WHAT THE TASK REQUIRES:
Only one span is wanted from the lines below: from the one with "Petite bande dessinée" up to and including the one with "children to use.". Copy it exactly, without images.

○ ○ ○

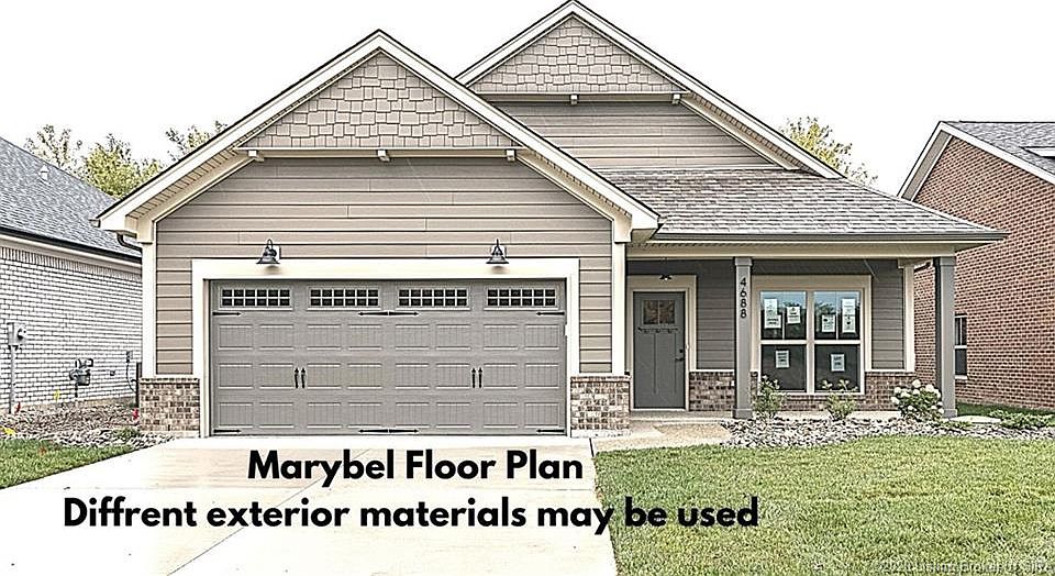 Lot 123 MARYBEL FLOOR PLAN ELEVATION A on a SLAB. This floor plan features a COVERED PATIO and COVERED FRONT PORCH. This floor plan is open and spacious! These homes have a brick exterior with accents of stone and/or hardie board. Tile shower in master bath. Granite countertops in kitchen & bathrooms. Tile backsplash in the kitchen. Bullnose corners & smooth ceilings. $1,500 appliance allowance for range/oven, microwave & dishwasher. 2/10 Home Warranty provided by the Builder. The Builder provides a radon test & mitigation when necessary. ENERGY SMART! The Builder pays $500 closing costs w/ preferred lender. Red Tail Ridge Subdivision is 0.25 miles from River Ridge Commerce Center and very close to the Lewis & Clark (East End) Bridge. These builders also build in Whispering Oaks II approximately 0.5 miles from Red Tail Ridge. The residents benefit from Jeffersonville schools & utilities. Agent & seller are related. Projected Completion Date 5/15/2021.
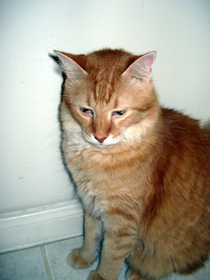 I'm really good at being orange, so that was all it took, and wham I was in a new house with a great big grey and white guy named Mac and a sweet little calico gal named Tidbit.
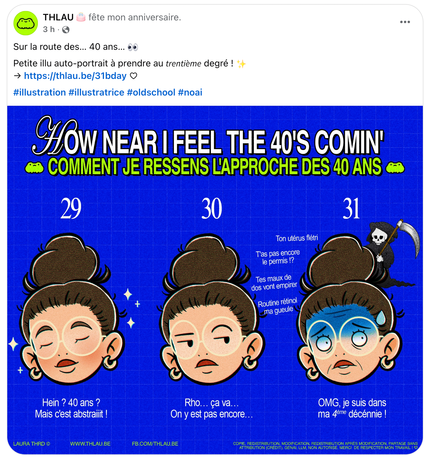 Petite bande dessinée en 16 cases carrées réalisées dans Procreate.
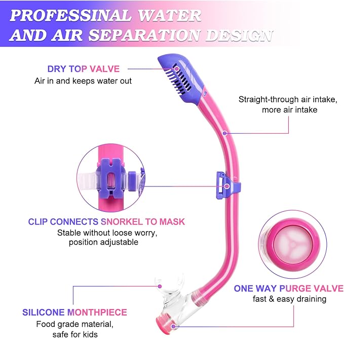 • 【DRY TOP SNORKEL & PURGE VALVE】The Snorkel adopts the most stable dry float valve design. When immersed in water, the top float valve will close automatically to prevent water from entering the breathing tube, the lower purge valve can quickly drain water, so that children will not be choked by water. Food grade soft liquid silicone mouthpiece is durable and safe for children to use.
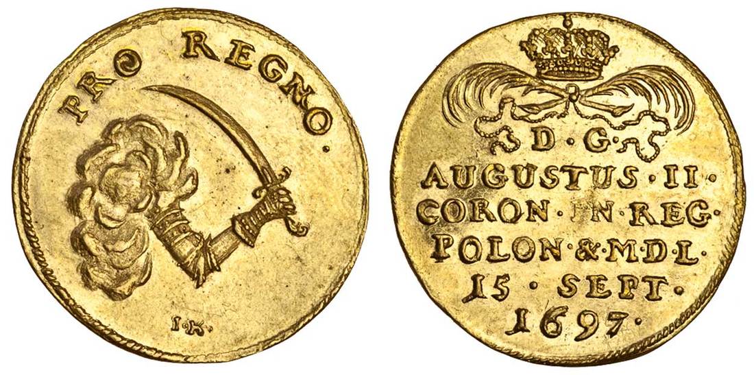 Poland - Saxony, Augustus III (1697-1733), Coronation Ducat, 3.46g, 1697, commemorating his election and coronation as King of Poland, Dresden mint, pro regno, arm issuing from cloud, holding Polish sabre, ik (for mint master Johann Kock) below, rev. legend in six lines d.g. augustus. ii. coron. in. reg. polon. & m.d.l. 15. sept. 1697., crown and crossed palms above (F.2830; HCz.2600; KM 695), extremely fine

○ ○ ○

REPLY:
 Petite bande dessinée en 16 cases carrées réalisées dans Procreate.
 • 【DRY TOP SNORKEL & PURGE VALVE】The Snorkel adopts the most stable dry float valve design. When immersed in water, the top float valve will close automatically to prevent water from entering the breathing tube, the lower purge valve can quickly drain water, so that children will not be choked by water. Food grade soft liquid silicone mouthpiece is durable and safe for children to use.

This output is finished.